While implementation will not look much different, slowing runoff nonetheless represents an important and prudent step in the balance sheet reduction process. As I said, up to now, the ON RRP has absorbed the entirety of the portfolio runoff. But the ON RRP has also declined a lot; once it reaches zero or stabilizes at a low level, reserves will start declining roughly one-for-one with portfolio runoff, all else equal. The runoff pace so far has been very fast, averaging about $76 billion per month since September 2022—much faster than the pace of runoff in 2017-19.

Given that the aggregate level of reserves that is consistent with ample is uncertain, it is sensible to approach that unknown level carefully. Slowing runoff provides more time and opportunity for the FOMC to evaluate changes in market conditions. It also provides more time for individual institutions to adjust to a lower supply of reserves and for aggregate liquidity to be redistributed within the banking system.

Ultimately, I expect that this approach will allow money markets to continue to function smoothly with a lower level of reserve supply than would have been the case had runoff been allowed to proceed at its current pace for much longer. Yes, continuing runoff at its existing pace might have meant reaching ample reserves sooner, but at the price of a higher risk of rapid changes in market conditions.

Where Is the Balance Sheet Headed?

With SOMA runoff set to slow, an obvious question is where the balance sheet may go from here. As you know, we regularly ask about expectations for the Fed’s balance sheet in our Survey of Primary Dealers and Survey of Market Participants. Over time, survey responses suggest expectations around the end size of the SOMA portfolio have consolidated somewhat (Panel 3). Among other factors, this probably reflects updated views around demand for Federal Reserve liabilities as well as evolving risks to the economic outlook.

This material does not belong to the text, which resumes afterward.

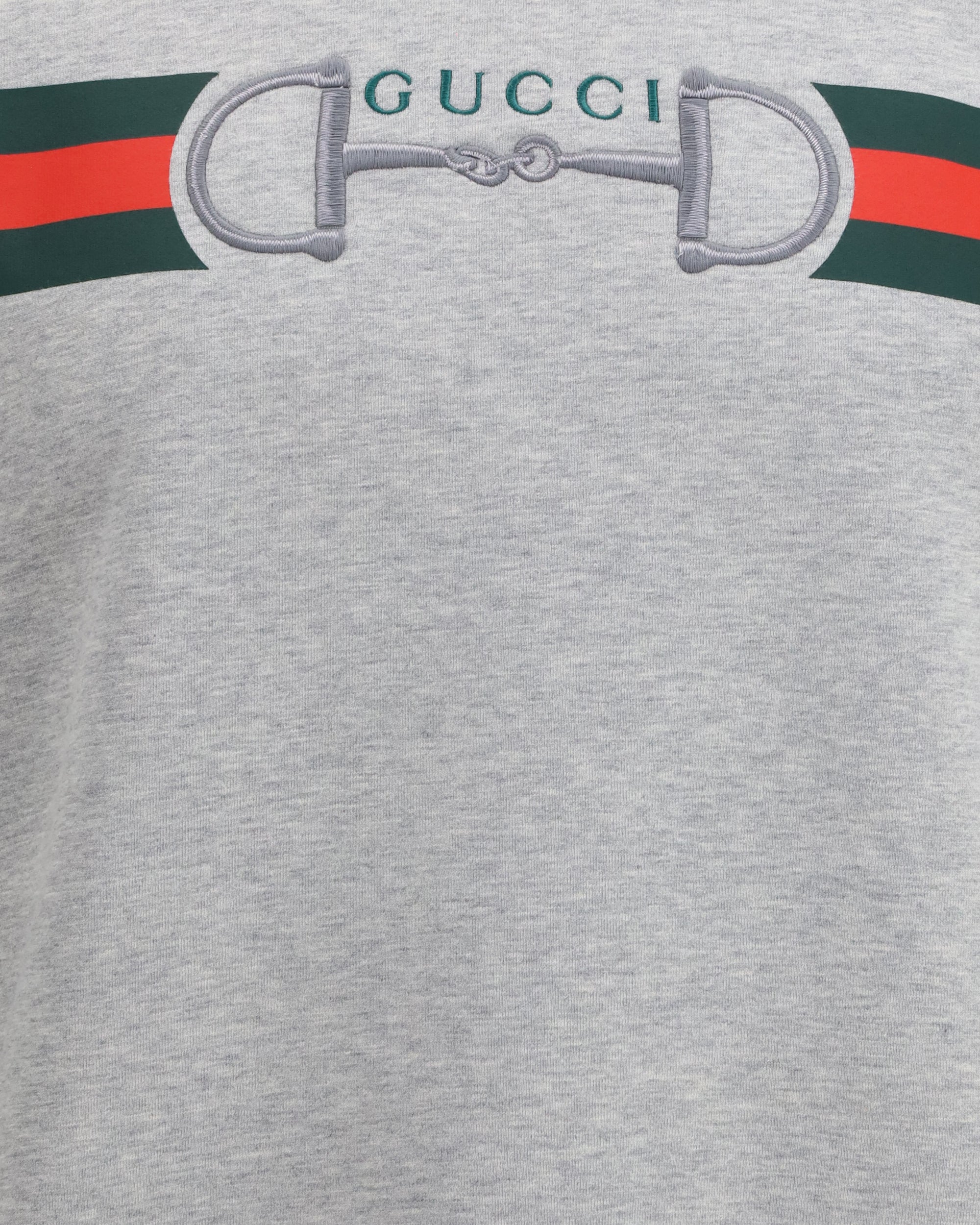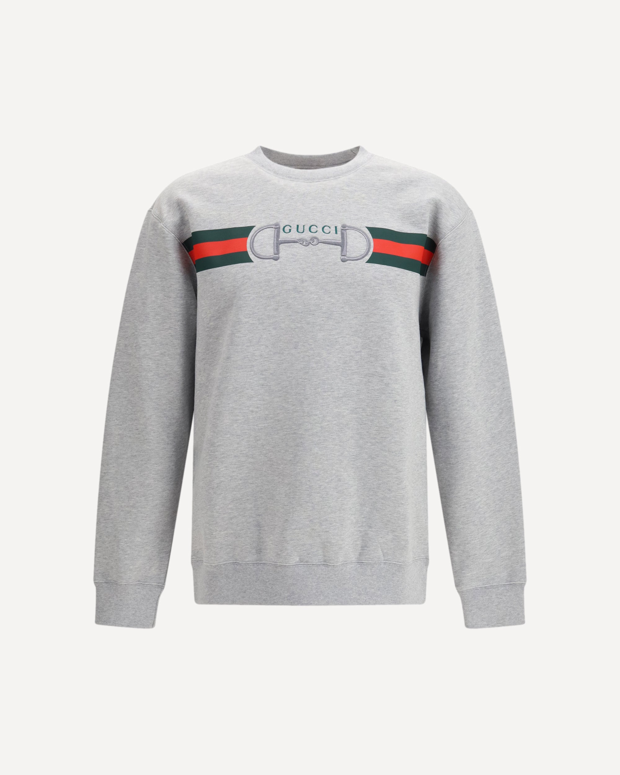 The cotton jersey Sweatshirt by Gucci blends everyday comfort with the Maison’s iconic codes in a contemporary interpretation. Crafted from brushed cotton jersey in grey mélange, it features a Web print paired with a Gucci Horsebit embroidery, creating a distinctive balance between graphic elements and refined detail. The crew neck, long sleeves and ribbed collar, cuffs and hem define a clean construction, finished with a regular fit signed by Gucci.

That said, significant uncertainties remain (as seen in Panel 4). Recent evidence to this effect comes, for example, from the Federal Reserve’s Senior Financial Officer Survey, which suggests that reserve demand can vary significantly across banks, across market conditions, and over time. The survey also shows that reserve demand reflects a range of factors that are hard to track precisely, both individually and in interaction with each other.17

Thus, as runoff continues, it is important to monitor a variety of information sources for any signals of a shift in the balance of supply and demand for reserves. In remarks last October, I briefly mentioned some of the data sources and indicators at our disposal to monitor money markets.18 Today, I would like to spend a little more time elaborating on specific metrics that I think can provide a useful advance signal of the transition from abundant to ample reserves.

Indicators of Reserve Conditions

Since the Global Financial Crisis, interest rate control has been achieved through a “floor system” that relies on an ample supply of reserves.19 In January 2019, the FOMC communicated its intent to maintain this approach.20 I have used the term “ample reserves” a few times already, but what does it mean? Ample reserve supply can be described as an environment in which the federal funds market is not particularly sensitive to significant short-term variations in the supply and demand of reserves but may exhibit some modest response to them.21

This can be visualized as an inverted ‘S-shaped’ demand curve along the lines of that described by Bill Poole all the way back in 1968 (Panel 5).22 Since the first half of 2020 we have been in the “flat” part of the demand curve—a region in which the position of EFFR within the target range essentially does not respond to changes in aggregate reserve balances. But eventually, as the supply of reserves declines, EFFR will start experiencing some upward pressure as the system transitions from the flat to the gently upward sloping portion of the demand curve. At that point, we should see modest price response to changes in reserves.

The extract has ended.